Data for review
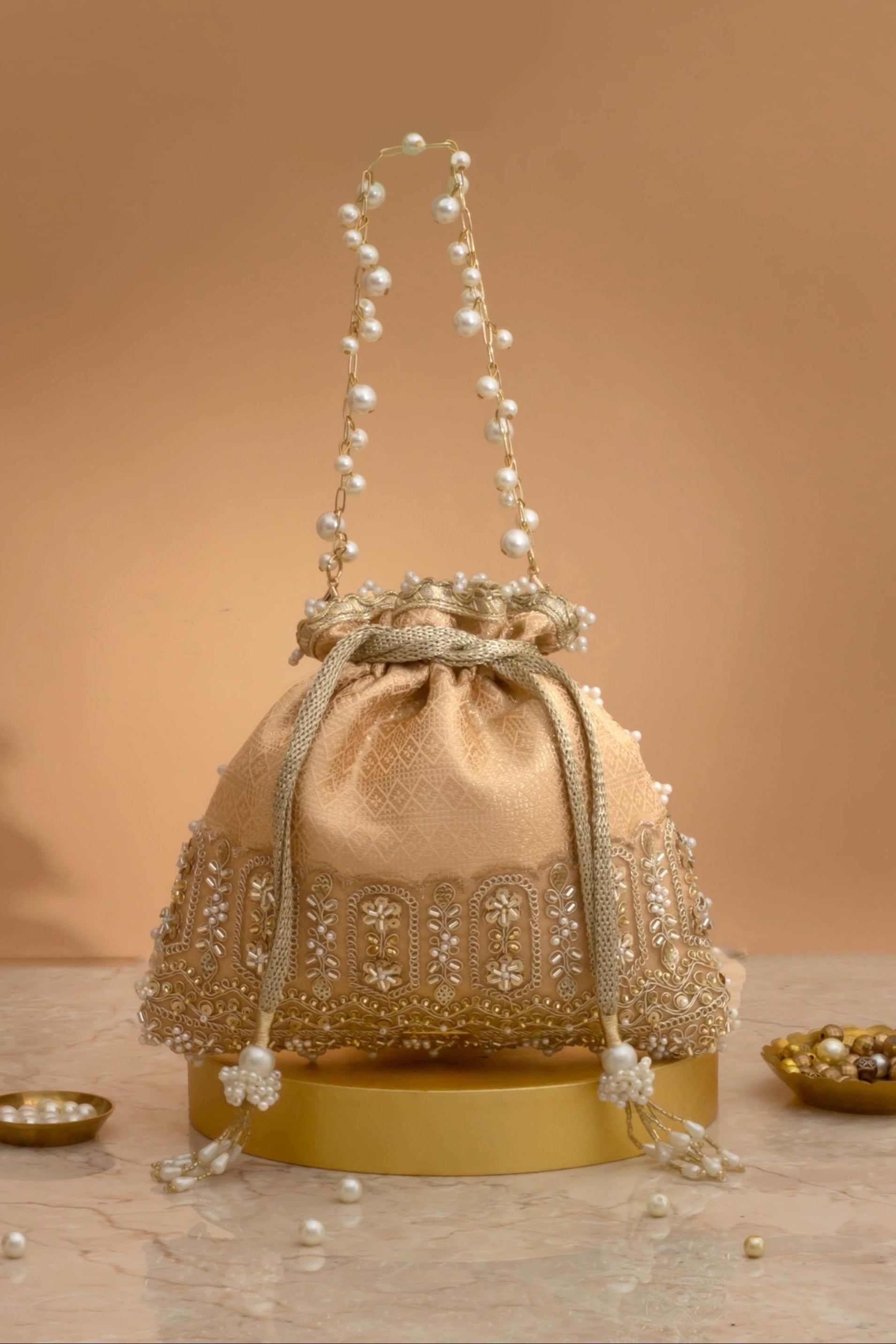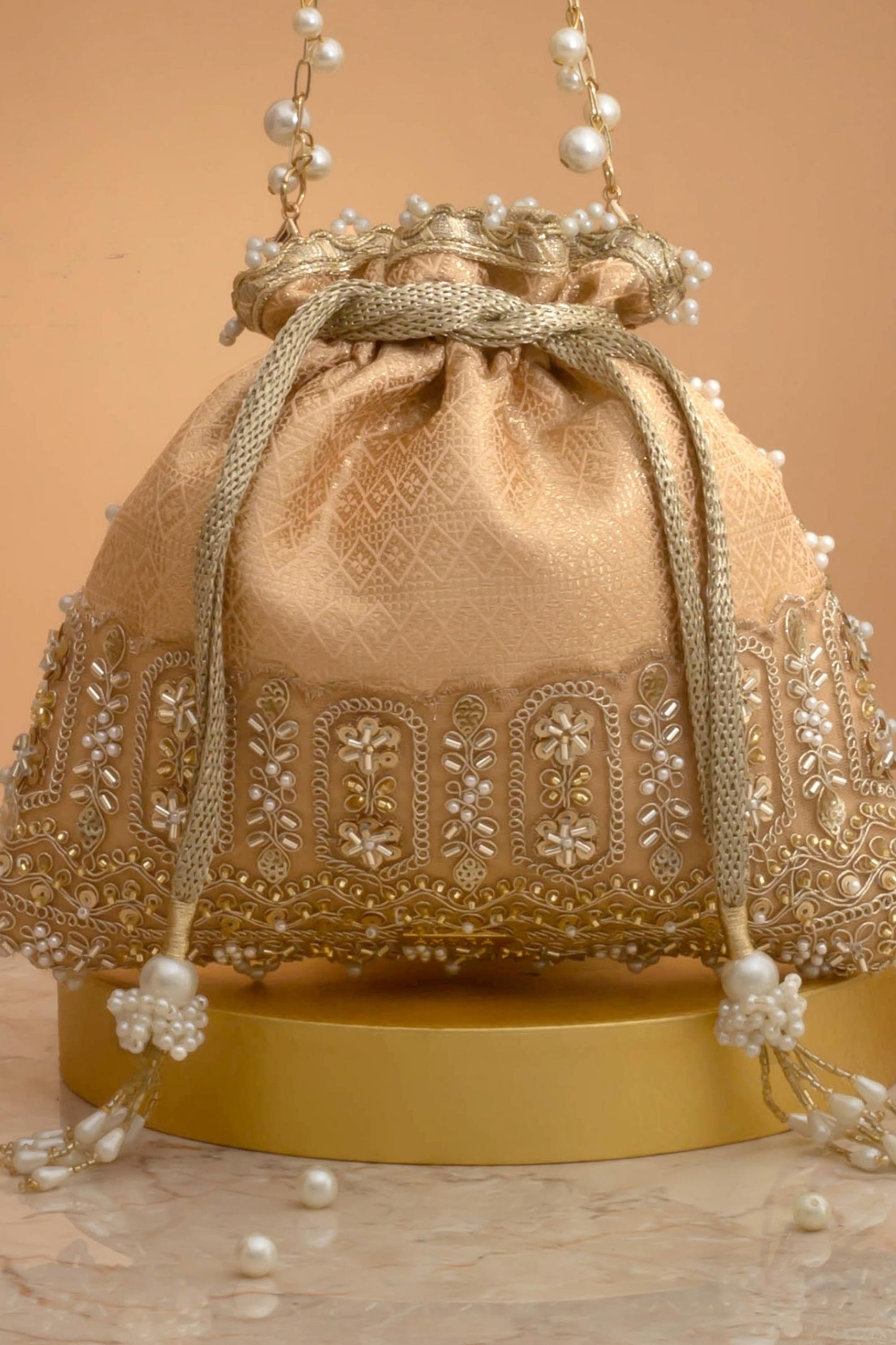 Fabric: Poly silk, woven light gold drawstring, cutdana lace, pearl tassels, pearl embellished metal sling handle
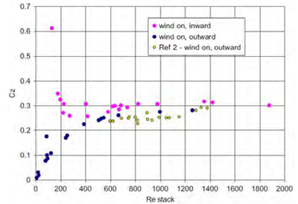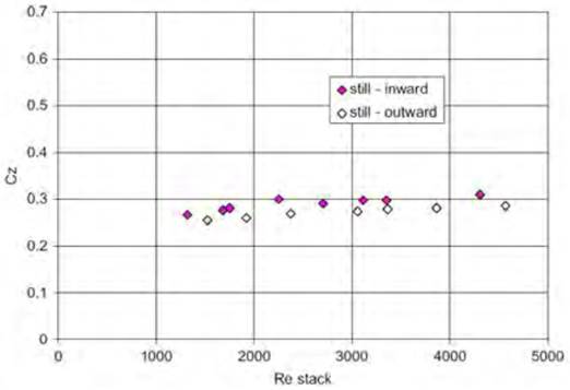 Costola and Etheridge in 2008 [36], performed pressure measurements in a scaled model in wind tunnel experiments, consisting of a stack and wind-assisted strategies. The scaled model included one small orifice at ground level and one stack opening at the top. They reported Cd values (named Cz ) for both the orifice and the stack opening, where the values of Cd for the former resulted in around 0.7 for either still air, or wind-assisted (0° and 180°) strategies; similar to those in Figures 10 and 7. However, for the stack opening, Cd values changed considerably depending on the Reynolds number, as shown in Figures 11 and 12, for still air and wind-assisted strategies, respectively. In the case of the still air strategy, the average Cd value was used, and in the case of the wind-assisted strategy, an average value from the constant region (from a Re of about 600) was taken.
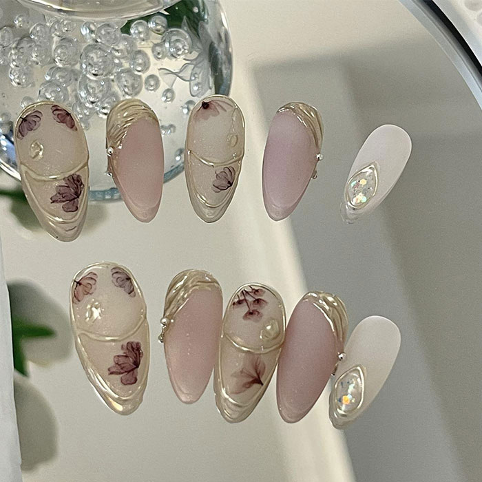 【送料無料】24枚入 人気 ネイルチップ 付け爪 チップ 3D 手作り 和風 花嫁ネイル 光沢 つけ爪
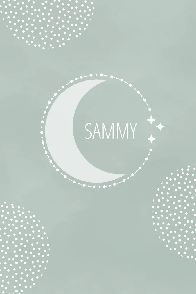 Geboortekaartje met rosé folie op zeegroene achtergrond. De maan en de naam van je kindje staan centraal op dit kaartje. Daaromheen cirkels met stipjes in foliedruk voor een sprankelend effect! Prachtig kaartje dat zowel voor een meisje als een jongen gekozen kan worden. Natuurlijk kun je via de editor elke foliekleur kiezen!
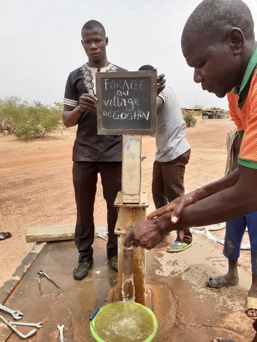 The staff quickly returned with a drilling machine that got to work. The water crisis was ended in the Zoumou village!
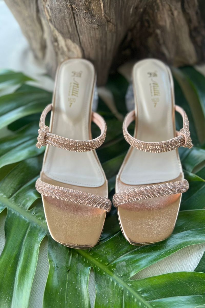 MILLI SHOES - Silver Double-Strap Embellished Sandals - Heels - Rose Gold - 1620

---

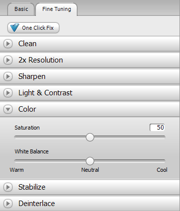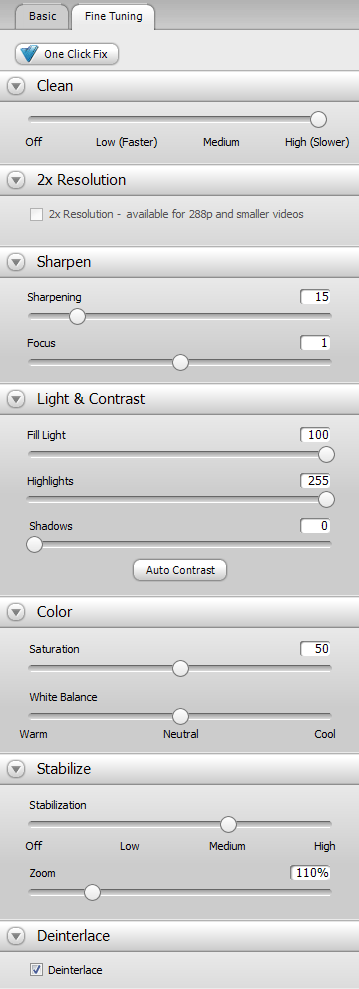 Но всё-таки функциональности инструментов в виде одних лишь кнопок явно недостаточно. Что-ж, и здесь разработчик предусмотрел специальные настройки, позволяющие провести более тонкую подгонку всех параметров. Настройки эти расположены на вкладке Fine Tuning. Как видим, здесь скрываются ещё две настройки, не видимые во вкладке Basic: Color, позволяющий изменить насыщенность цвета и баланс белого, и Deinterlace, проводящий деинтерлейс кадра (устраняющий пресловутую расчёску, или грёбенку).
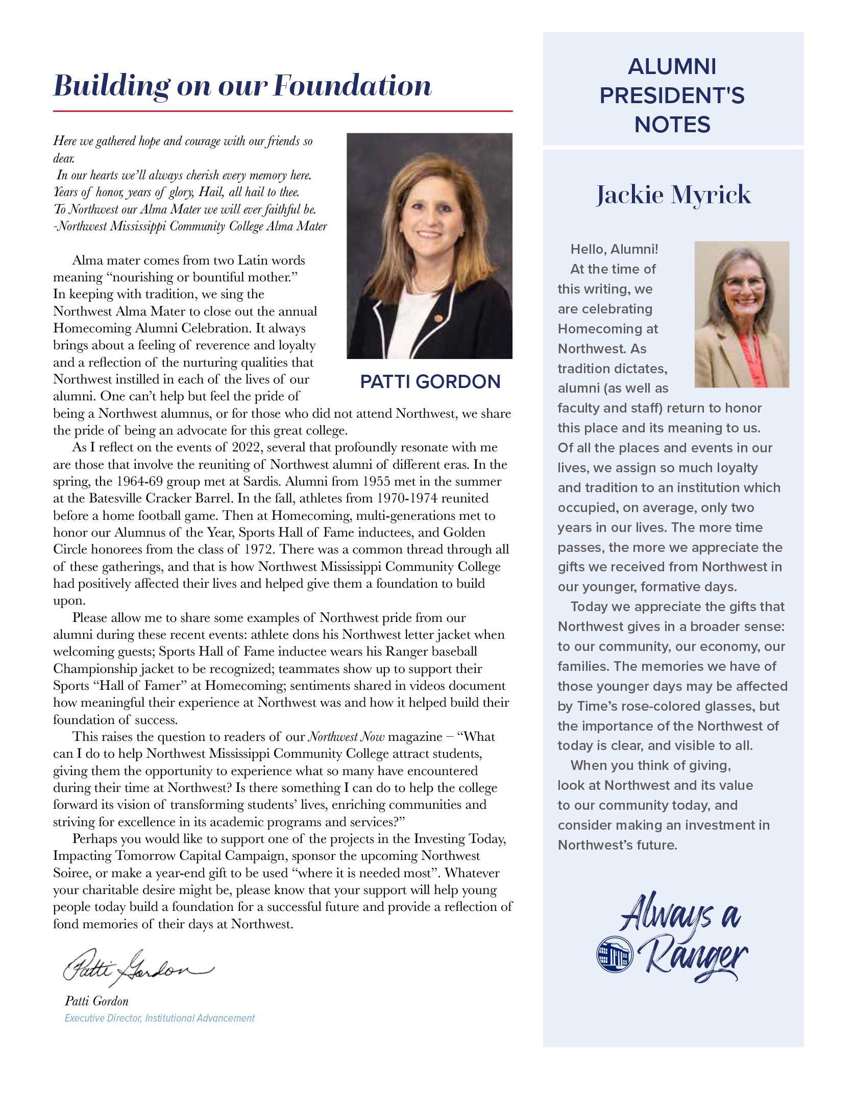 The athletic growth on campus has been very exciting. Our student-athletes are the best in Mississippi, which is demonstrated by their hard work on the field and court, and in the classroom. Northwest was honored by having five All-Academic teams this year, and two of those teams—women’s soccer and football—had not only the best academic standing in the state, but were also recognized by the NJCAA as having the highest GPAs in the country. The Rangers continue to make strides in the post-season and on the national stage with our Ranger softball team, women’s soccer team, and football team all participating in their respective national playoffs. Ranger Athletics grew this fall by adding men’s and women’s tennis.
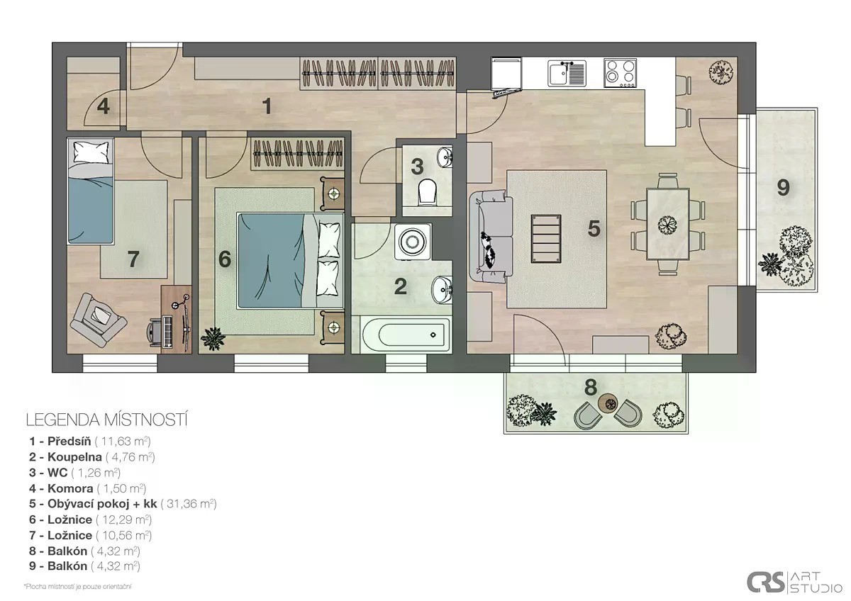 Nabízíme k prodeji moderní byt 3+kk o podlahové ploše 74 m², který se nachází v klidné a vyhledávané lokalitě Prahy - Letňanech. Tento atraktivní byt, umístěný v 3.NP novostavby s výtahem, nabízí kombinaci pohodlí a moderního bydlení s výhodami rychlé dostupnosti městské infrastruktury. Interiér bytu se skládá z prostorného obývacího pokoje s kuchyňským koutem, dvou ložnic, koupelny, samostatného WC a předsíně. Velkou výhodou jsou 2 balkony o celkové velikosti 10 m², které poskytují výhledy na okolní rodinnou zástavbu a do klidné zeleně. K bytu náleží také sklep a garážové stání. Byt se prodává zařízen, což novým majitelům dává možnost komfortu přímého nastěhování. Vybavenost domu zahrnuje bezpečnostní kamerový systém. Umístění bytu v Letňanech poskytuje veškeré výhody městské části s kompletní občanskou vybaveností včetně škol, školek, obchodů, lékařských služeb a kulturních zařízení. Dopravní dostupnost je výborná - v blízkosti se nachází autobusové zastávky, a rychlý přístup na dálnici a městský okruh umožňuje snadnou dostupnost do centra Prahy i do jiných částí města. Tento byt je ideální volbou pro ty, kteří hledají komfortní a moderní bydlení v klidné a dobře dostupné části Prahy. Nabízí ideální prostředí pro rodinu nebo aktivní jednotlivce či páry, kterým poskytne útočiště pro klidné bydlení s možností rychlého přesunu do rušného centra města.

Task instructions
Copy nothing but the lines above that run from the one with "Costola and Etheridge" to the one with "MILLI SHOES - Silver", ends included; pictures stay out.

Task answer
 Costola and Etheridge in 2008 [36], performed pressure measurements in a scaled model in wind tunnel experiments, consisting of a stack and wind-assisted strategies. The scaled model included one small orifice at ground level and one stack opening at the top. They reported Cd values (named Cz ) for both the orifice and the stack opening, where the values of Cd for the former resulted in around 0.7 for either still air, or wind-assisted (0° and 180°) strategies; similar to those in Figures 10 and 7. However, for the stack opening, Cd values changed considerably depending on the Reynolds number, as shown in Figures 11 and 12, for still air and wind-assisted strategies, respectively. In the case of the still air strategy, the average Cd value was used, and in the case of the wind-assisted strategy, an average value from the constant region (from a Re of about 600) was taken.
 【送料無料】24枚入 人気 ネイルチップ 付け爪 チップ 3D 手作り 和風 花嫁ネイル 光沢 つけ爪
 Geboortekaartje met rosé folie op zeegroene achtergrond. De maan en de naam van je kindje staan centraal op dit kaartje. Daaromheen cirkels met stipjes in foliedruk voor een sprankelend effect! Prachtig kaartje dat zowel voor een meisje als een jongen gekozen kan worden. Natuurlijk kun je via de editor elke foliekleur kiezen!
 The staff quickly returned with a drilling machine that got to work. The water crisis was ended in the Zoumou village!
 MILLI SHOES - Silver Double-Strap Embellished Sandals - Heels - Rose Gold - 1620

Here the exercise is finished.